Ora, por escandalosa que possa parecer tal afirmação é no ócio, no lazer, no descanso
ou na vadiação que o homem atinge, ou pode atingir, a plenitude de sua condição. O
trabalho, em outras palavras, não tem caráter de fim. É um meio. A vida humana está
condicionada para o trabalho. Metafisicamente, é mais importante chegar à casa do
que chegar ao local do emprego; é mais elevado, mais plenamente humano, levar o
filho ao jardim zoológico, ouvir um quarteto de Bocherini, conversar com os amigos, do
que ser general do exército, engenheiro ou presidente da república. Todos os títulos
extrínsecos são inferiores ao título fundamental que todos possuem em casa, quando
encontram o cerne de sua personalidade e recuperam o nome de batismo.

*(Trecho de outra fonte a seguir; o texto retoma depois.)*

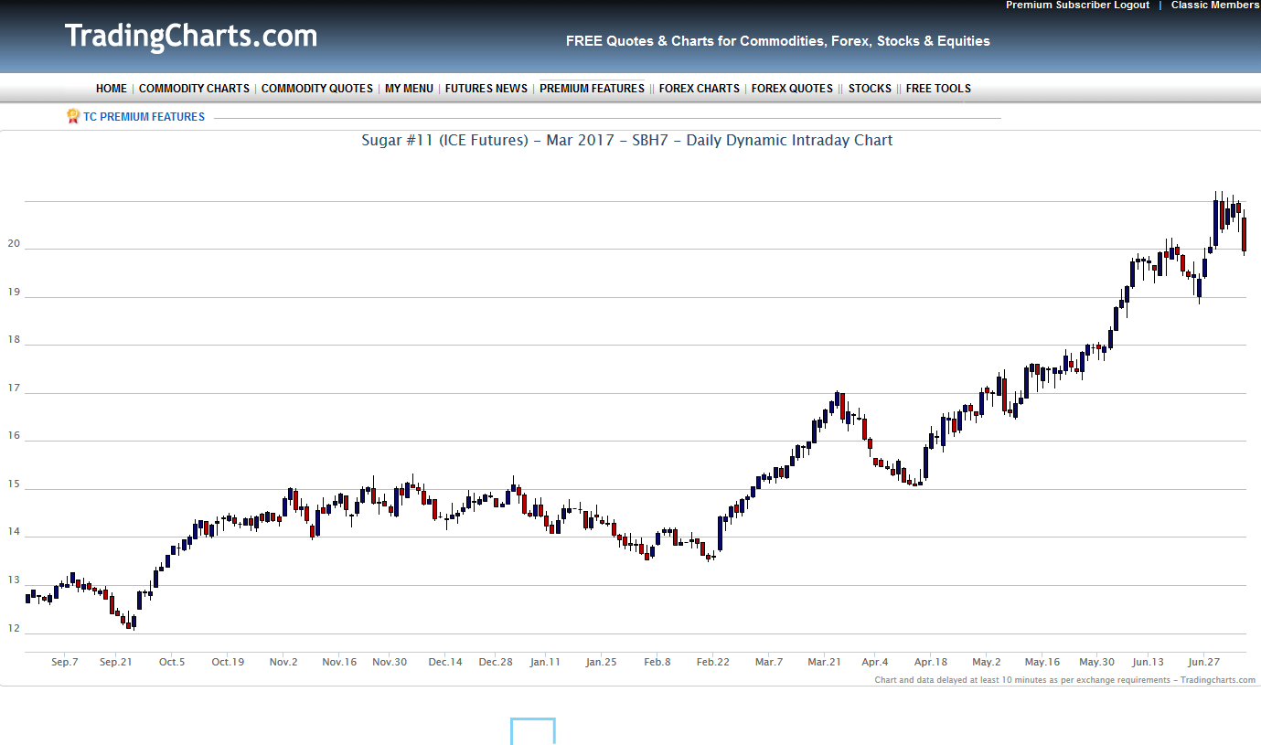 Da gegenwärtig der Oelpreis wieder fällt, könnte das noch eine Weile so gehen. Ein Korrektiv, dass gegenwärtig das Angebot von Zucker erhöht. In sofern ist der Rücksetzer auch fundamental gerechtfertigt. Andererseits wird in Asien und der arabischen Welt auch kräftig Zucker importiert. Aber es dürfte wohl etwas dauern, bis der Zuckerhut in Brasilien wieder zurückgeht. Den Winter über ist aus Asien nicht viel zu erwarten. Da könnten dann demnächst wieder die Preise anziehen. So erklärt sich auch die Differenz zwischen Oktober und März kontrakt. Es wäre schön, wenn der Real sich weiter erholt und der Oelpreis wieder anzieht. Beides zusammen könnte den Anstieg dann verstärken. Es bleibt also nur: Abwarten und die Märkte beobachten.

Ao contrário, é o momento em que a vida ganha nova dimensão e recupera a plenitude


da dignidade. E sobretudo é o momento em que a alma humana conquista a liberdade
para o mais alto, para o mais humano tipo de atividade: o convívio afetivo, o exercício
lúdico, a contemplação da beleza e da verdade. Completa-se o quadro, em pauta de
ordem mais elevada, com a vida de contemplação e de oração.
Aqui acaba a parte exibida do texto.